Maria Portokalos: The men may be the head of the house but the women are the neck and they can turn the head anyway they want.

Angelo: Hey Ian, we're gonna kill ya! Opah!

Toula Portokalos: (Pointing to Ian's bruised nose) What happened? Biker fight? nose job? What?
Ian Miller: Uh...yeah.
Toula Portokalos: No, really.
Ian Miller: You don't want to know.
Toula Portokalos: Oh I don't know. If I had survived an old lady ass-kicking I would want to brag about it.

Maria Portokalos: Nicko! Don't play with food! When I was your age, I didn't have food!

Aunt Voula: What do you mean, you don't eat no meat? ... That's okay. I'll make lamb.
Gus Portokalos: In the end, we're all fruit.

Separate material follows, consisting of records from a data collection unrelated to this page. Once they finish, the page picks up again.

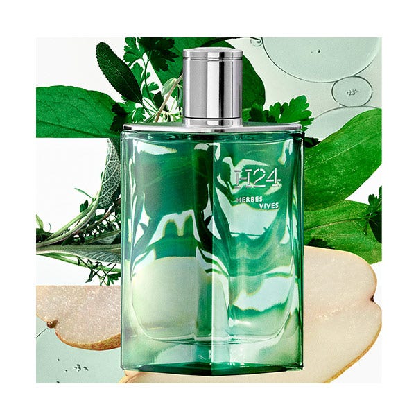 H24 Herbes Vives eau de parfum combina la fuerza de un ramo de hierbas frescas, la textura de un granizado de pera y la vivacidad de una molécula de alta tecnología, Physcool®.
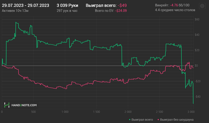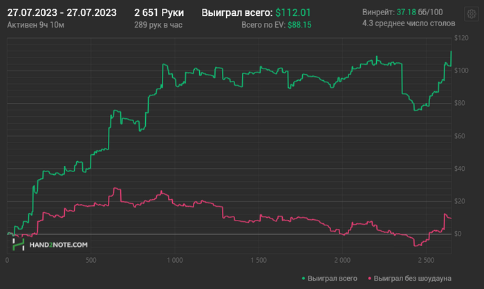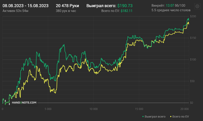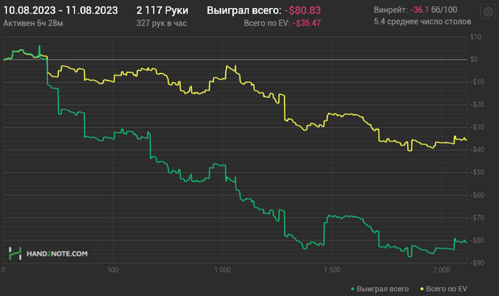 Около 25 часов вышло. Х2Н заметил теряет руки с впн периодически (хотя я не играю бомб поты, но видимо и на обычных теряет), граф не отражает всей картины (плюсом еще около 35$), но это не критично, РБ и прочие плюшки я не учитываю в отчетах.
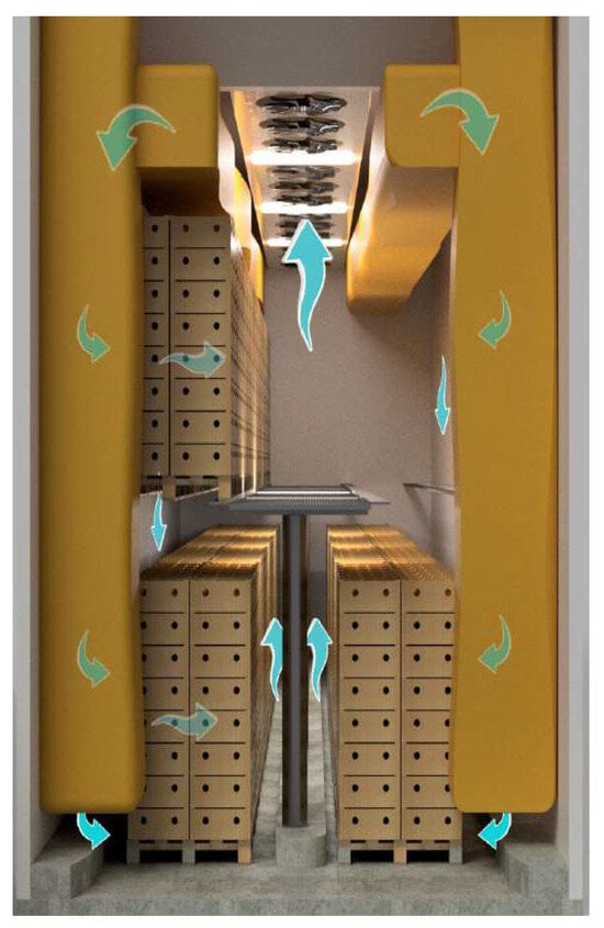To ensure uniform air temperature distribution in the ripening room and improve banana ripening efficiency, a sealing and air-directing system was installed using plastic ducts. These ducts, measuring 0.7 × 0.8 m in cross-section and 15 m in length, were perforated with 0.05 m diameter orifices on their lateral and lower sides. These ducts begin to inflate when the ripening process starts, ensuring a tight seal between the evaporator’s suction area and the air discharge zone. This method guarantees that the entire airflow is directed through all the pallets containing bananas. The duct extends along the length of the ripening room, with its ends sealed near the room’s walls (Figure 6). There are two additional vertical ducts, approximately 0.6 × 0.6 m, that can be moved along the room to direct the airflow in situations where the room is operating at 50%, 75%, or 100% the total capacity. Hellickson and Walker found that the ratio of duct cross-sectional area to effective discharge area decreased by around 25%. The decrease in cross-sectional area was primarily made to achieve a consistent airflow throughout the air distribution duct. The primary reason for reducing the cross-sectional area was to achieve consistent airflow throughout the entire length of the air distribution duct [33,34].
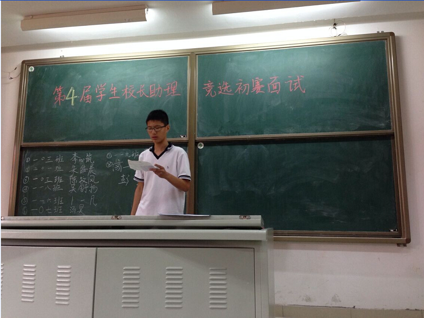 面试于南阶梯教室102进行:抽签决定顺序后,在一定时间内只允许一人入内参试,其余竞选者则于101备考候选。座下评委为六人阵容:其中,三位来自学生会主席团,两位学生会部长,一位团委老师。面试时,先由竞选者进行两至三分钟的自由演讲,再由评委针对校园内日常事务与教学管理工作提出相关问题;竞选者简单作答后,当场誊出分数。在竞选当日的候场区,我们可以看见十数位高一高二竞选者认真准备的情形,群英荟萃于一堂:独自埋首修改文稿词句者有之,立于讲台演练实战者有之,来回踱步调整语气者有之,从容自若地谈笑风生者有之……在他们之中,将会有两人经过层层选拔考试脱颖而出,组建成新一届学生校长助理团。让我们拭目以待,相信未来,相信不久将会走出大有所为的二中风采。
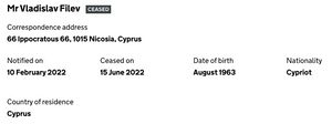 Согласно британской базе, Филёвы живут в Никосии. Ещё они могли осесть в Цюрихе, где у них есть родственники. А во Франции у Марии Филёвой есть полная тёзка. Судя по этой информации, она была прописана в добротном особняке стоимостью около двух миллионовевро на территории города Барр.

Maria Portokalos: Touvla, On my wedding night, my mother, she said to me, "Greek women, we may be lambs in the kitchen, but we are tigers in the bedroom.
Toula Portokalos: EEw! Please let that be the end of your story.

Gus Portokalos: In the end, we're all fruit.

Toula Portokalos: When I was growing up, I knew I was different. The other girls were blonde and delicate, and I was a swarthy six-year-old with sideburns.

Toula Portokalos: I had to go to Greek school, where I sat in a room translating, "If Nick has one goat and Maria has nine, how soon will they marry?"

Aunt Voula: What do you mean he don't eat no meat!!? ... That's ok I make Lamb.

Nick Portokalos: Ian, if you're going to be in this family, I get you some ear plugs, because the Portokalos women, if they are not nagging somebody, they die.

Gus Portokalos: There are two kinds of people - Greeks, and everyone else who wish they was Greek.